Personal information
- Full name: Gustavo Tulio Dalsasso Coletti
- Date of birth: 25 September 1976 (age 49)
- Place of birth: Villa Regina, Argentina
- Height: 1.88 m (6 ft 2 in)
- Position: Goalkeeper

Team information
- Current team: Everton Viña del Mar (sporting director)

Youth career
- Boca Juniors

Senior career*
- Years: Team / Apps / (Gls)
- 1994–1999: Boca Juniors / 0 / (0)
- 1995: → Deportes Antofagasta (loan) / 0 / (0)
- 1995–1996: → Deportivo Español (loan) / 4 / (0)
- 1996–1998: → Defensores de Belgrano (loan) / 17 / (0)
- 1999–2004: Huachipato / 100 / (0)
- 2005–2006: Rangers / 57 / (0)
- 2007–2016: Everton Viña del Mar / 245 / (0)
- Total:  / 402 / (0)

Managerial career
- 2025: Everton Viña del Mar (interim)

= Gustavo Dalsasso =

Argentine-Chilean footballer (born 1976)

Gustavo Tulio Dalsasso (born 25 September 1976) is an Argentine football coach and former player who played as a goalkeeper. He is the current sporting director of Everton Viña del Mar.

Dalsasso also holds Chilean nationality.

==Club career==
Born in Villa Regina, Argentina, Dalsasso started his football career at Boca Juniors in 1992 and was promoted to the first-team in 1995. Then he immediately was sent on loan to Deportes Antofagasta. However, once finished the 95's Chilean football season, Boca newly sent on loan him, now to Defensores de Belgrano where remained two seasons. Shortly after, Dalsasso signed for Argentinian top-level's Deportivo Español, being the second goalkeeper and wearing the number 2 shirt.

In January 1999, he returned to Chilean football and joined Huachipato. Dalsasso remained there six seasons until 2004 when the coach Arturo Salah told him that he wouldn't consider him anymore because he sought to occupy the foreigner quota in another position. Then, following a failed transference to Italy's Venezia, Dalsasso remained at Chile and moved to Rangers de Talca of first-level too.

Dalsasso made his Rangers de Talca debut against Unión Española in a 0−0 draw at Estadio Fiscal de Talca. He was an undisputed titular in the club, playing all games of the tournament. On 2 April 2006, he received for first time in his career seven goals, in a match against Colo-Colo that his team lost 7−2. However, the team was relegated to Primera B after losing against Lota Schwager in the promotion playoffs during the shootout.

===Everton===
Dalsasso signed for Everton for an undisclosed fee in 2006. He was on the substitutes' bench, when Everton was the 2008 Apertura champions. After club's first goalkeeper departure (Johnny Herrera) and after successfully challenging the goal to Paulo Garcés, he became the team's titular keeper.
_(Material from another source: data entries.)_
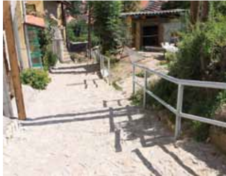
Rukohvat u Ulici Mala Berkuša

Završeno je postavljanje rukohvata u ulicama: Mala Berkuša od br.12 do br.37, Džeka kod Mjesne zajednice Toka-Džeka, Mahmutovac 60-62, Boguševac 15-27 i Paje 1-3. Postavljeni su pocinčani rukohvati koji su kvalitetniji od običnih crnih željeznih cijevi.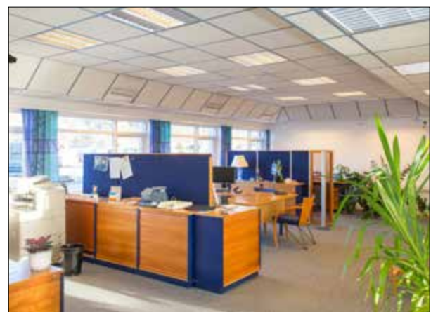
Kontorplassene er allerede klare for bruk i førsteetasje.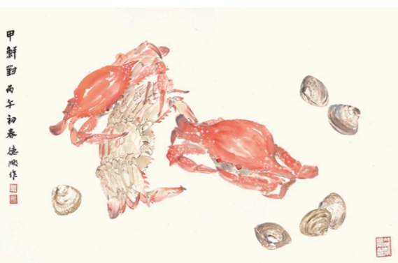
《甲鲜对》 45cm×69cm 2025年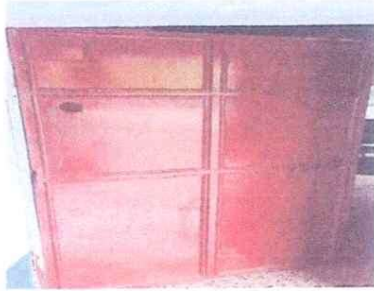
Foto1: PUERTA: Reparación de Puertas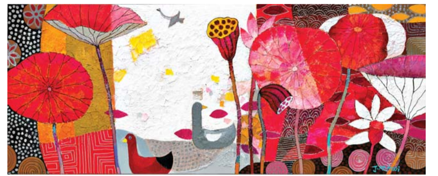
정미희 작 'lotus story'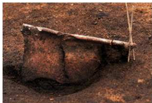
土師器出土状況 (Ⅲ b層)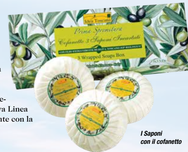
I Saponi con il cofanetto

I prodotti sono realizzati con Olio Extravergine di Oliva "Toscano IGP" proveniente da Agricoltura Biologica.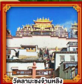
วัดลามะชงจ่านหลิง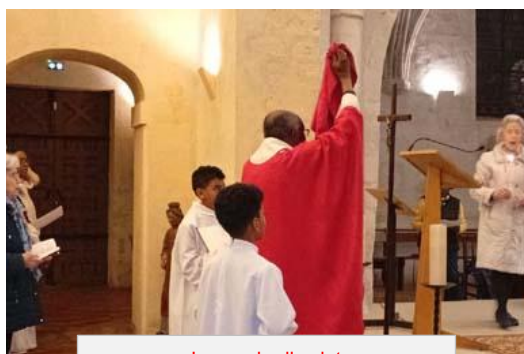
Le vendredi saint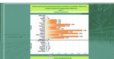
Przekroczenia granicy państwowej wbrew przepisom, na odcinku z Białorusią, wg podziału na placówki SG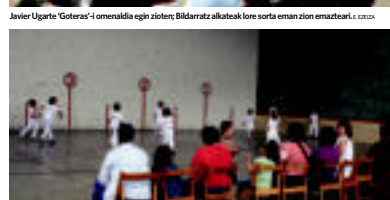
Belautntzan ere atzo izan zuten San Joan jaien azken eguna. L. CIZUA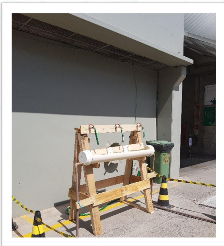
Imagem do ponto de coleta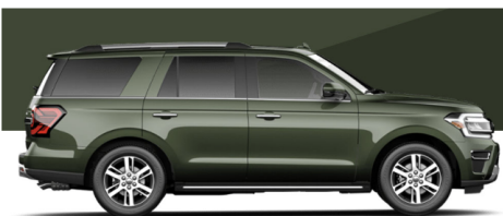
フォードグリーンメタリック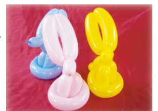
バルーンイメージ(うさぎ)

※ニュースリリースの情報は発表日現在のものです。発表後予告なしに内容が変更されることがあります。 ※価格は全て税込みです。 ※画像はイメージです。 ※商品は数量限定のため、品切れする場合がございます。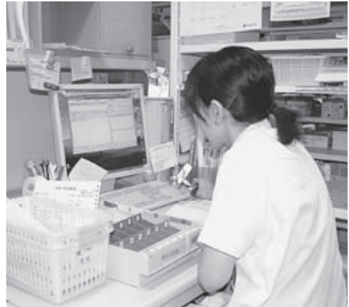
↑ 梁瀬医療センター

薬歴には、患者さま一人一人の過去の服用歴、副作用や、効果が得られにくかったことなど、多くの情報を記録します。また、複数の診療科にかかっている、それぞれの処方が適切であっても、一緒に飲むことにより身体に好ましくない作用をする場合があります。このような事態を未然に防ぐためにも、薬の情報を集約・管理しています。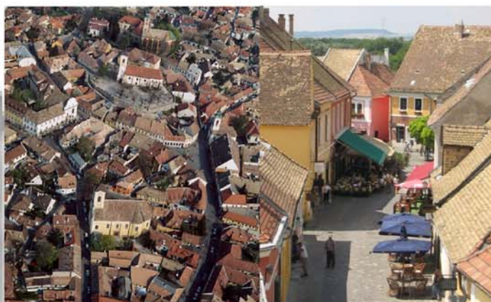
Fig. 1 - Caso studio scala urbana: Szentendre (Ungheria).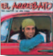
Mucha gente (El Arrebató)

A la patera se agarrará: en la otra orilla le juraron libertad. Morir ahogado no importa ya, subir a cambio de una posibilidad.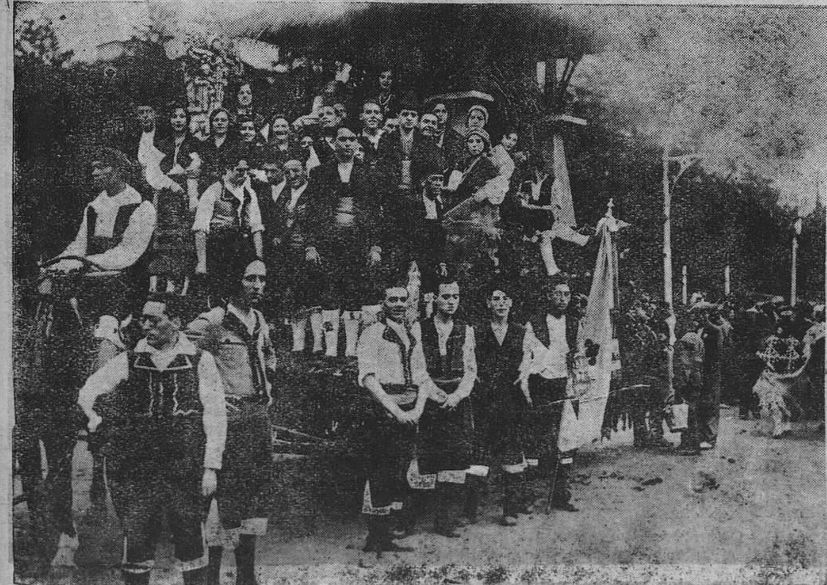
MADRID.—La carreras de Asturias y Galicia que tomó parte en la cabalgata de las fiestas de la República.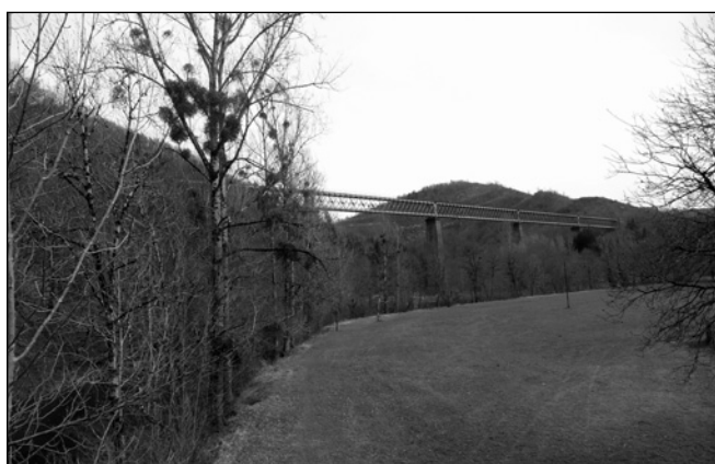
ILLUSTRATION 6 : Viaduc de la Sumène, Vendes Viaduc Village.

sur les derniers coûts d'entretien et de mise en valeur de l'édifice sont très évocateurs des enjeux. La remise en état conduite en 1994 a coûté 13 millions de francs (soit environ 2 millions d'euros), auxquels il faut rajouter une opération de remise en peinture (dans sa livrée historique d'origine dite « rouge Gauguin ») entre décembre 2001 à juin 2003, pour un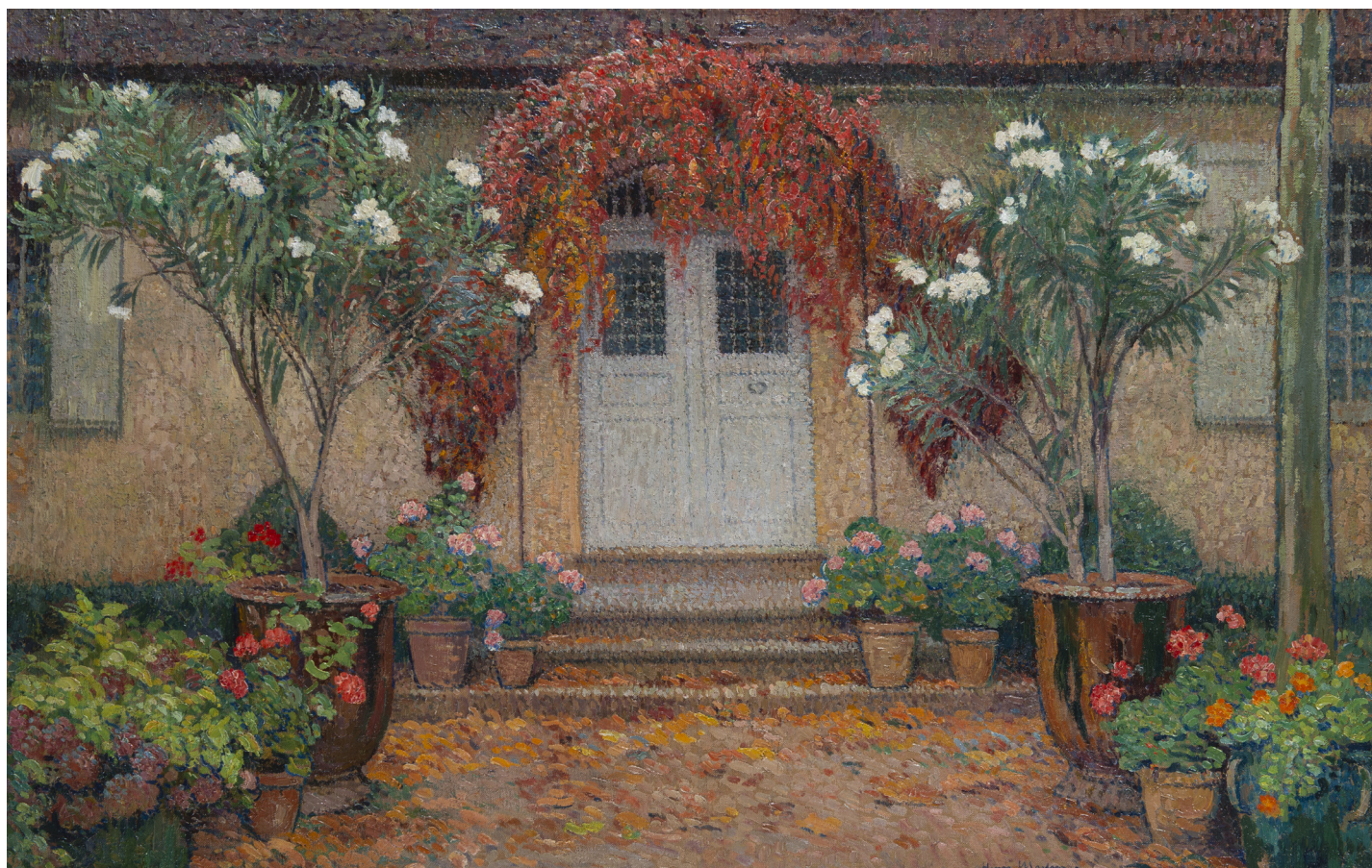
HENRI MARTIN (1860-1943) Automne, entrée principale de Marquayrol Signé en bas à droite : Henri Martin Huile sur toile, 80,9 x 130,4 cm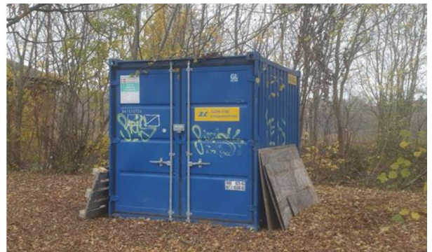
Billede 1. Viser den ansøgte skurvogn og container på arealet.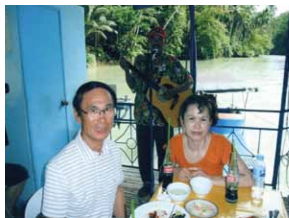
久しぶりの海外旅行、妻と2人、セブの旅を楽しんで来ました!シーウォーカーやパラセーリング、島巡り等楽しく過ごしました

妻と2人、セブの旅を楽しんで来ました。登山を趣味としていた私達は、海にはあまり興味なく、ゆったりと過ごすつもりで行きましたが、そこは新天地!シーウォーカー、パラセーリングと楽しみ、今までに無い感動を覚え、次は島巡りへと意欲が湧き、白砂のパンダノン島では砂浜を散策したりバーベキューを頂き楽しく過ごしました。ボホール島では、島の生い立ちを学び、農林業など人々の生活を伺う事が出来ました。果物はどれも熟していて、日本では味わえない南国の味だと思えます。全てスタッフの皆様のお世話のおかげです。本当に有り難く思います。又の再会を期待しています。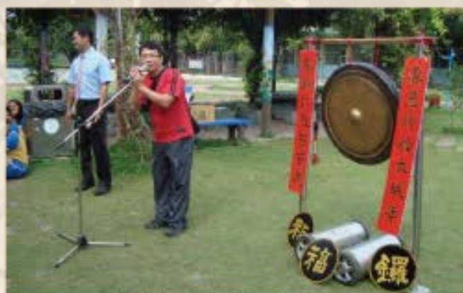
全校感恩祈福活動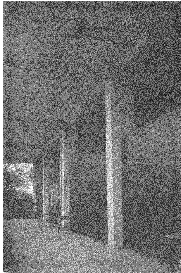
Colegio Calderón, Milagro - Guayas. La ausencia de un mantenimiento preventivo incrementa los daños. Es necesario realizar trabajos de impermeabilización de las cubiertas de hormigón para impedir el deterioro de la losa, instalaciones, etc.

En todos los colegios siempre es necesario disponer de un presupuesto de mantenimiento para aplicar pintura anticorrosiva a las estructuras metálicas y reparar los daños en las cubiertas antes del inicio de la estación lluviosa.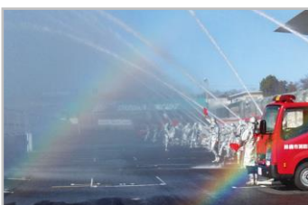
鈴鹿市消防出初式の一斉放水(都合により内容が変更になる場合があります)

※「鈴鹿サーキット ウォーキングイベント」へは、 クラブツーリズムのツアーでのご参加に限らせていただきます。 ツアーの詳細はホームページをご覧ください。 http://www.club-t.com/special/theme/suzuka-walk/ (検索 ⇒ クラブツーリズム 鈴鹿サーキット)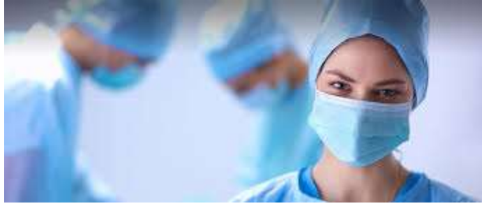
دانشنامه سرگیجه و اختلالات پزشکی زمینه ساز سرگیجه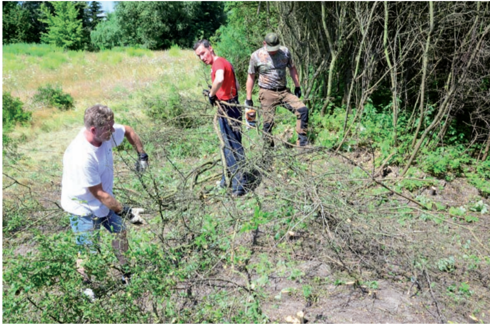
Mieszkańcy Bolimowa ciężko pracowali nad wycięciem tarniny z cmentarza żydowskiego, który porządkowali.

Porządki rozpoczęły się około godziny 10.00 i polegały przede wszystkim na karczowaniu krzewów tarniny. Roślina ma bardzo

During Dalsasso's titularity in the club, he made very solid performances in the porter's lodge. After failing to play in six matches due to an injury, in his debut for the Torneo Clausura, he saved a penalty to Braulio Leal in the 2–1 defeat against Audax Italiano. On September 28, 2008, he once saved a penalty, now to Lucas Barrios, helping to Everton to win 3–1 to Colo-Colo. However, the club didn't replay its league title, being eliminated in the repechaje. Dalsasso was nominated among the three best goalkeepers of the Chilean football season in the ANFP Golden Boal, but the prize was for Nery Veloso.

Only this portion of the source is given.